Please use this identifier to cite or link to this item: https://www.um.edu.mt/library/oar/handle/123456789/80625
Title: Detecting gender bias and cross-cultural differences from text
Authors: Lagaa, Muhanned B. (2021)
Keywords: English language -- Data processing
Arabic language -- Data processing
Discrimination in language
Language and culture
Machine learning
Issue Date: 2021
Citation: Lagaa, M.B. (2021). Detecting gender bias and cross-cultural differences from text (Bachelor's dissertation).
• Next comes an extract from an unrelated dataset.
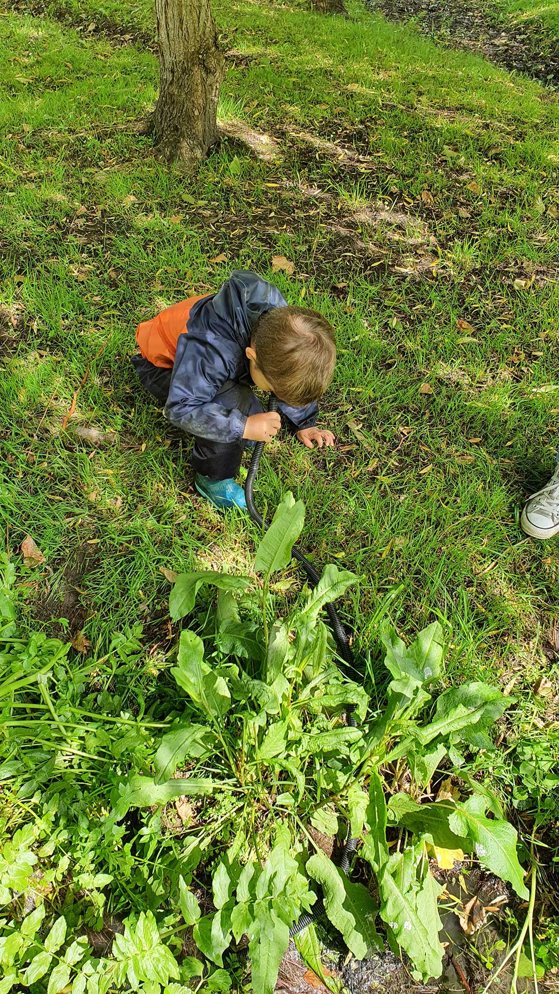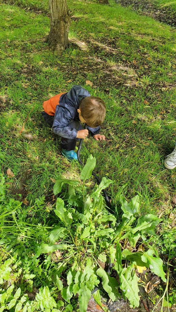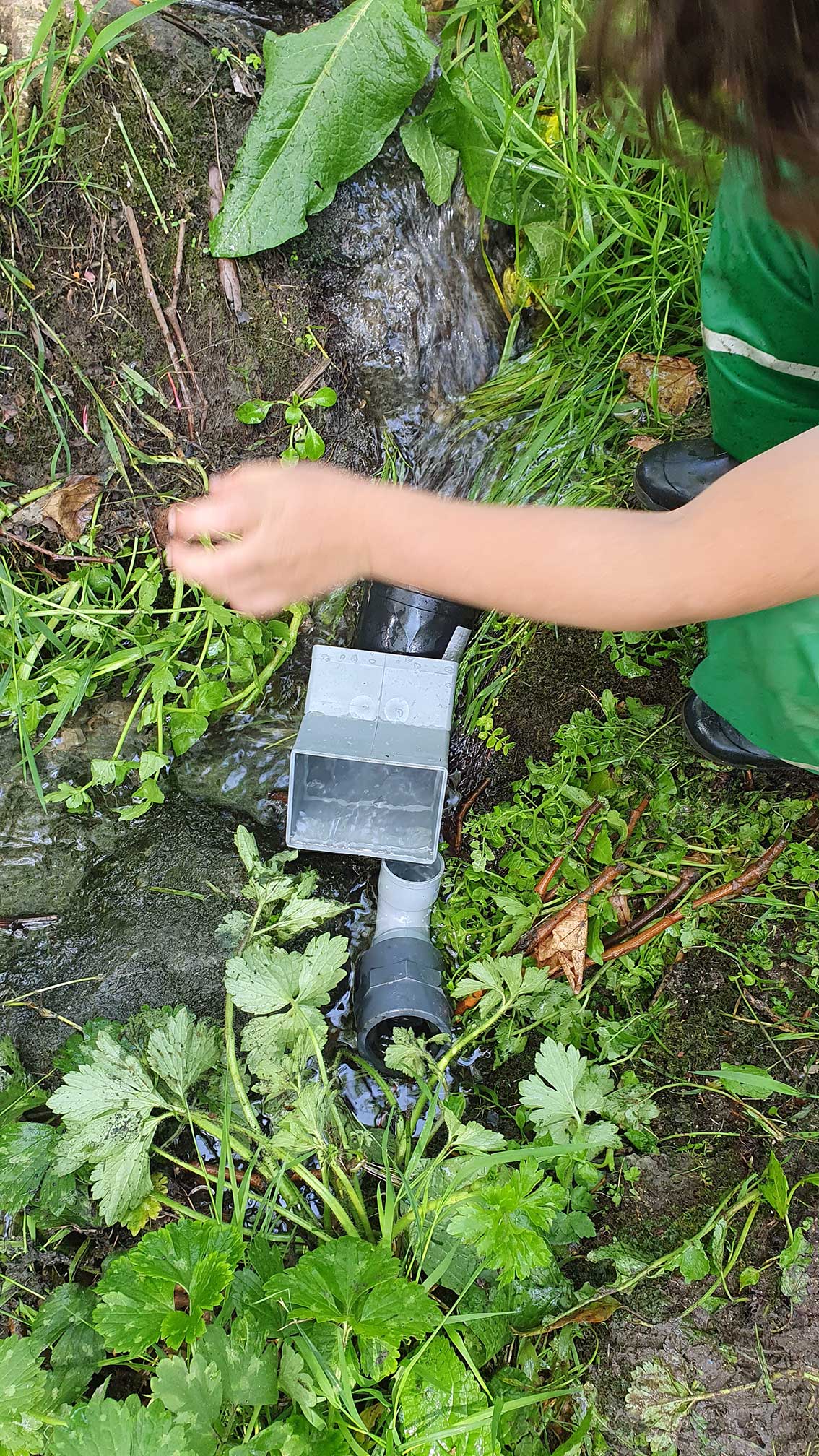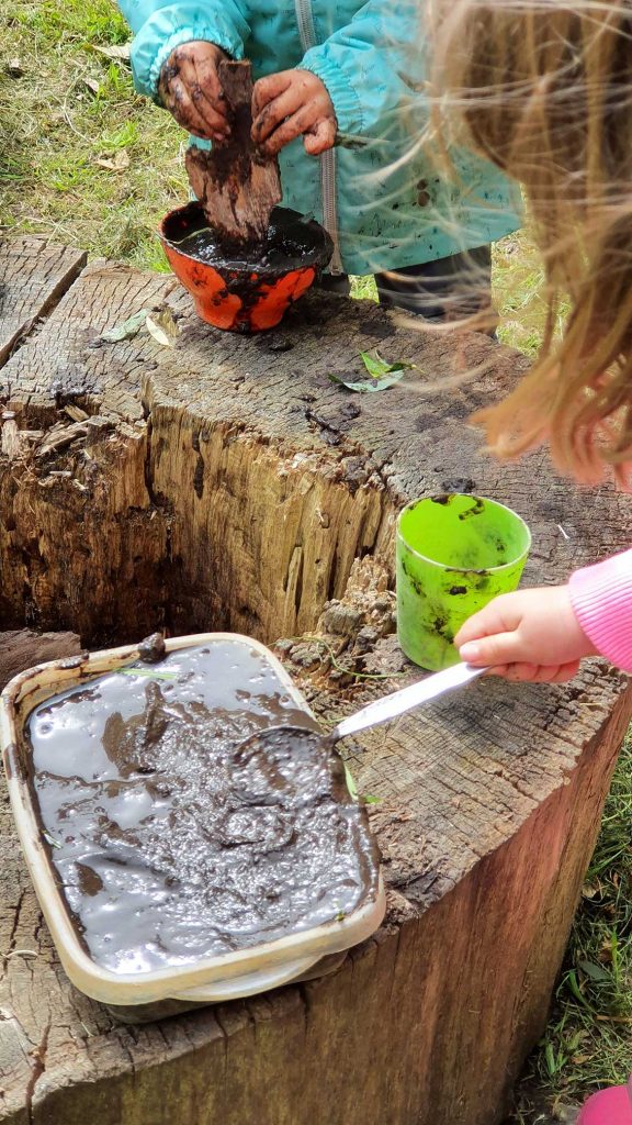Las educadoras partimos de ese espacio, con los objetos que allí se encuentran: palos, agua, hojas, barro, etc., como únicos elementos y materiales. Así, cada viernes observábamos cómo se daban diferentes tipos de juego: el juego de cocinitas o barcos piratas usando como base el tronco talado o caído de un árbol; la exploración del entorno trepando, rodando o saltando por las cuestas de hierba, ramas de árboles o piedras sugerentes; el descubrimiento de posibilidades de expresión pintando con barro manos y palos; etc. Con el paso de los días, pudimos comprobar que el juego con agua en el regato y el bebedero, que formaban parte de ese entorno, era el más recurrente y aclamado. Unos intentaban pasar al otro lado del regato probando y ensayando su potencia y dominio del salto, otros saltaban dentro como si fueran charcos para salpicar o para ver el agua saltar, otros realizaban trasvases, etc., y otros muchos comenzaron a elaborar un proyecto al que intentaban buscar soluciones: crear una presa en el bebedero y desviar el agua del regato. Buscaban palos para generar canales, hojas de árboles tubulares o barro para crear un muro de contención. Sumergidos en el método científico, iban generando hipótesis, experimentando, verificando o no lo planteado, etc.

Abstract: This study is centered on detecting cultural differences and gender bias in text. By building a word embedding model that is trained over a text of corpora in two different languages which are Arabic and English. These models will then be tested to obtain results from all the corpora used. Three different corpora will be used in each model which are News, Wikipedia and Twitter corpus. There are two sets of words that will be checked. The first set is the emotion words such as honorable and fear. And profession words such as nurse and teacher. A survey will be conducted for gender_bias which aims to look at the cultural difference as the participants are two groups, one of English speakers and of the Arabic speakers. So the results of the models can be compared to the results of the survey. The study presents interesting results and shows the task of detecting gender_bias automatically in text. It is still based on a relatively limited sample of corpora, such that these results can be improved if they were trained and tested in a large corpora. However, the results still showed gender_bias, cultural differences and the importance of the corpus used as the type of the corpus can be biased.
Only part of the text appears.